▸ **What is needed**: Retype word for word the stretch of entries below from the line that has "Три электрика в" through the line that has "现场,卓一智能叉车以视频形式向客户展示了窄巷道高位堆垛技术在各行业的应用案例。", and omit the pictures.

━━━━━ Records supplied

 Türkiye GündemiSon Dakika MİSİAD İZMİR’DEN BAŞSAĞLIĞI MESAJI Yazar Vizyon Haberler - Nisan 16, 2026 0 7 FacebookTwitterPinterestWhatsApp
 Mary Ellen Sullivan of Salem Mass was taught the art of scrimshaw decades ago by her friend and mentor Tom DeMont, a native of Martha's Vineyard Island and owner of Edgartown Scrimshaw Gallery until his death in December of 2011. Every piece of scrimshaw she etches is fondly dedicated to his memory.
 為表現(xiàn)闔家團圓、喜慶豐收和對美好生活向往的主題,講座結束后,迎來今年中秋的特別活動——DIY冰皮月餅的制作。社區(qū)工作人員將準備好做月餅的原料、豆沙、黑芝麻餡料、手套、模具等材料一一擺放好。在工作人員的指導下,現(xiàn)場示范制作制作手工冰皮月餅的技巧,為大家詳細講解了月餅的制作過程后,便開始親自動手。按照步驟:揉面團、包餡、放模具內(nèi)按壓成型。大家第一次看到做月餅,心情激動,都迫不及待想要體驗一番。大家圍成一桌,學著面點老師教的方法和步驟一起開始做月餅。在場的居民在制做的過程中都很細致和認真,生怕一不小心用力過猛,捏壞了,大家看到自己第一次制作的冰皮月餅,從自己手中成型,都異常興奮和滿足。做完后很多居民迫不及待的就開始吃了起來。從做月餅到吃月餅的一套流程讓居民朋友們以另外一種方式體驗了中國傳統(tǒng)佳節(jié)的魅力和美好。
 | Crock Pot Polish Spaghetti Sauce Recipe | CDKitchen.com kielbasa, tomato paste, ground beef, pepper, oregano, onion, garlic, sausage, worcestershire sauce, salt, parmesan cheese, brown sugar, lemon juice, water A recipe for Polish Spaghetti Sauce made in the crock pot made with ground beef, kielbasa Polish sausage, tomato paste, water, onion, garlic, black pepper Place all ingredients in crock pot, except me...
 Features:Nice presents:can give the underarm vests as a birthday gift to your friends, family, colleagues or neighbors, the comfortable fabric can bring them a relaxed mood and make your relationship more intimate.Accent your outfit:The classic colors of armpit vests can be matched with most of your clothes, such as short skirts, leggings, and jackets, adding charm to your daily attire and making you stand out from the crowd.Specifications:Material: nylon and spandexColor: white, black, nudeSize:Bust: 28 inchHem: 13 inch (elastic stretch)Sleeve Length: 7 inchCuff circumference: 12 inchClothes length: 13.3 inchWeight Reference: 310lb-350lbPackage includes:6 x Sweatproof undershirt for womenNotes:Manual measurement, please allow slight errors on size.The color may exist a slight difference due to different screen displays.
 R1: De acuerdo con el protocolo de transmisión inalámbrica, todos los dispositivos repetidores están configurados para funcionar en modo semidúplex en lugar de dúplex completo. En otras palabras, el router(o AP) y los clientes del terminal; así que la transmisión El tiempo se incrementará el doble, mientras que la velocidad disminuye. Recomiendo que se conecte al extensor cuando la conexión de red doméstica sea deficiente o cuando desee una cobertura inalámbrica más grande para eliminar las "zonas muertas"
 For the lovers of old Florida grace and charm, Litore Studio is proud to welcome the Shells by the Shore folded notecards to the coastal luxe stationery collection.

━━━━━━━━━━
━━━━━ Records supplied

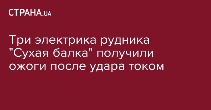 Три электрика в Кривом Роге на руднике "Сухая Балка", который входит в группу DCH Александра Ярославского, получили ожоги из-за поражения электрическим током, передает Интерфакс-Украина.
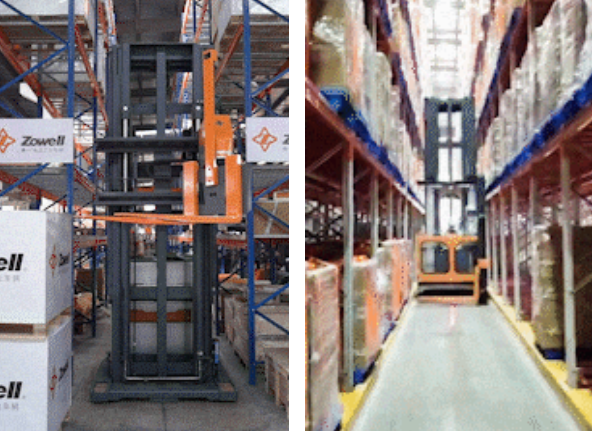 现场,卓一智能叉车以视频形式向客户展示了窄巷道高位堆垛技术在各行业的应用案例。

━━━━━━━━━━
━━━━━ Records supplied

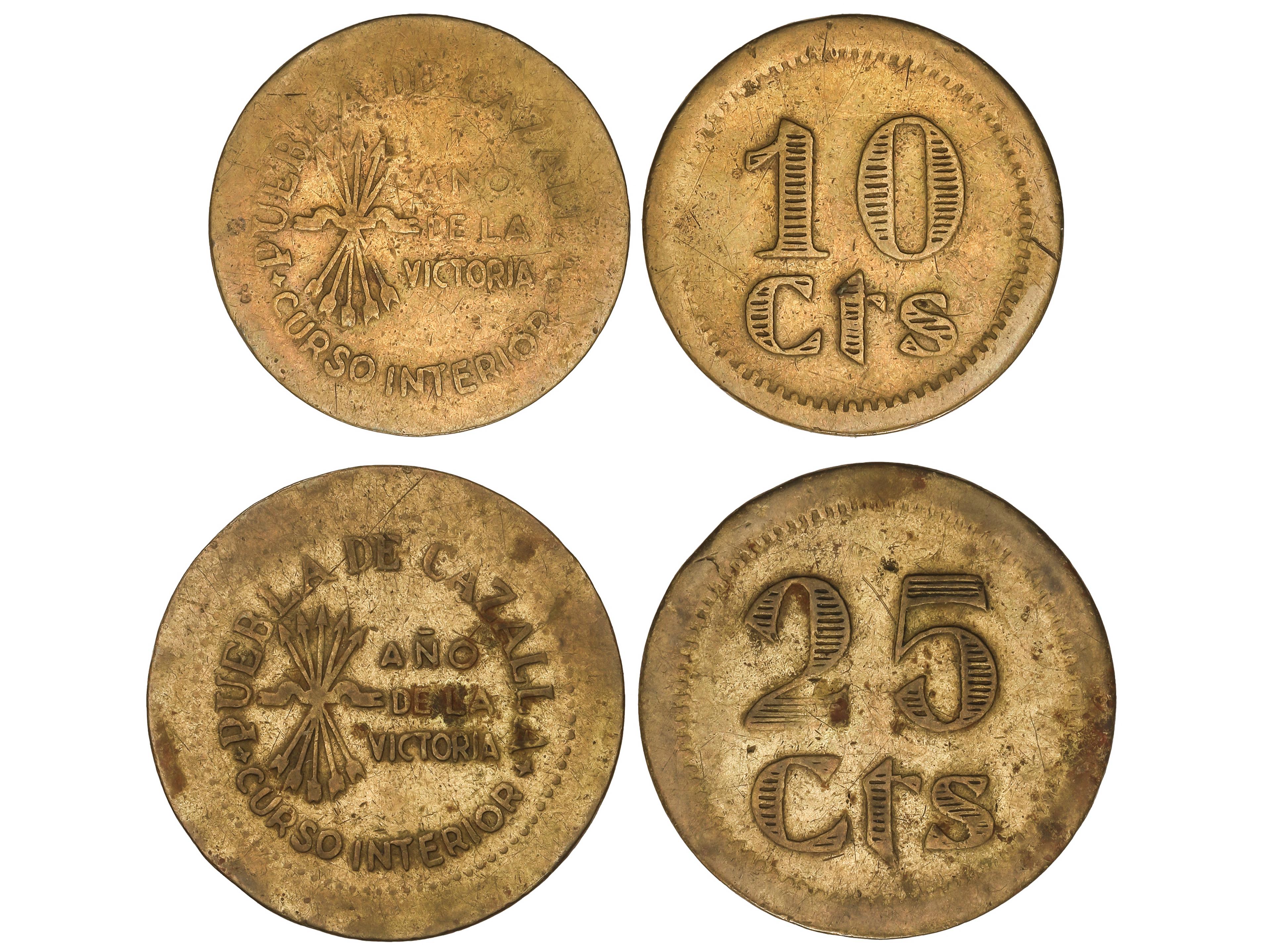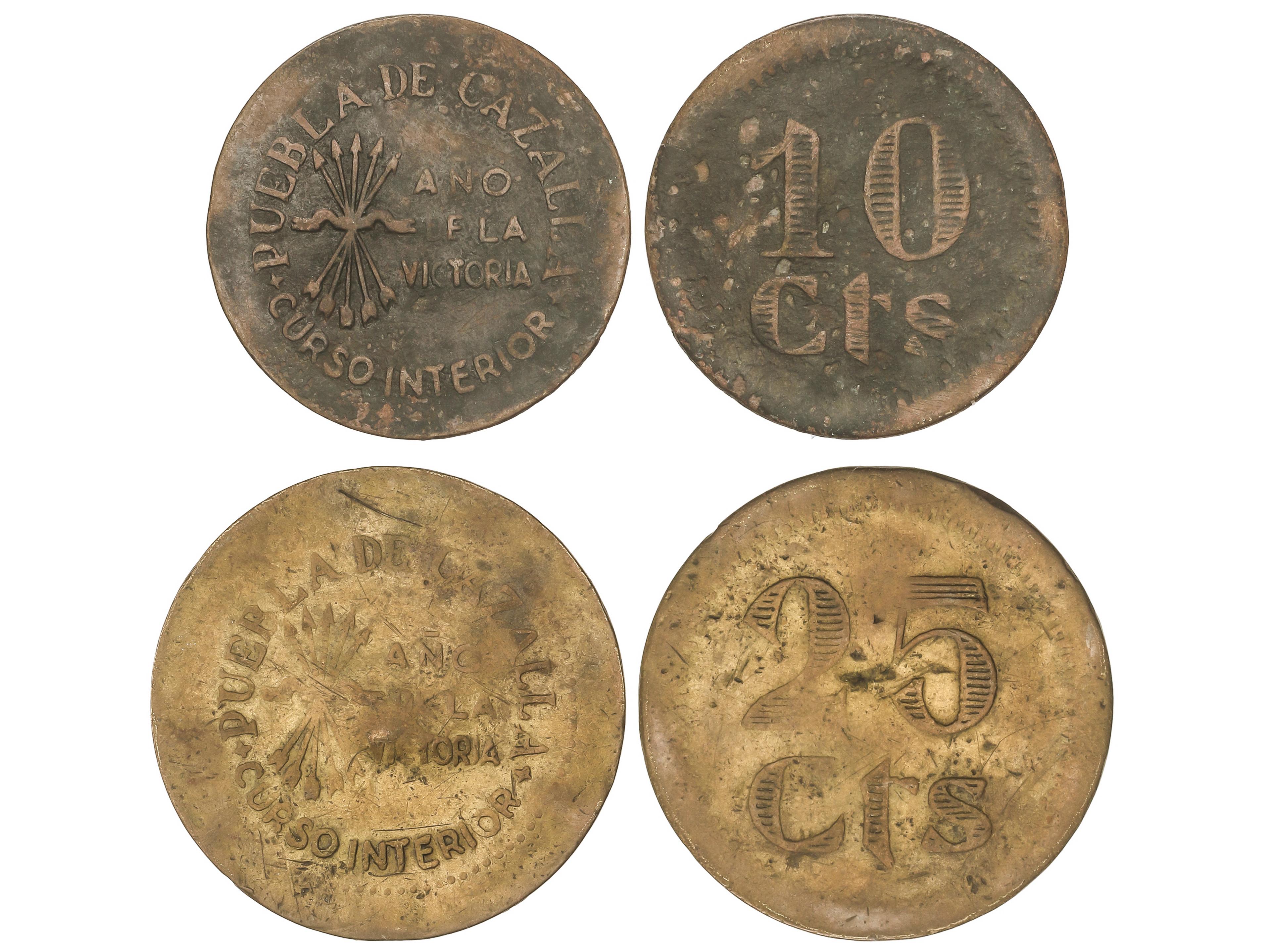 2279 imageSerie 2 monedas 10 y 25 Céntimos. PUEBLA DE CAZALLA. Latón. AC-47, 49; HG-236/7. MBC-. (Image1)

━━━━━━━━━━

▸ **Solution**:
 Три электрика в Кривом Роге на руднике "Сухая Балка", который входит в группу DCH Александра Ярославского, получили ожоги из-за поражения электрическим током, передает Интерфакс-Украина.
 现场,卓一智能叉车以视频形式向客户展示了窄巷道高位堆垛技术在各行业的应用案例。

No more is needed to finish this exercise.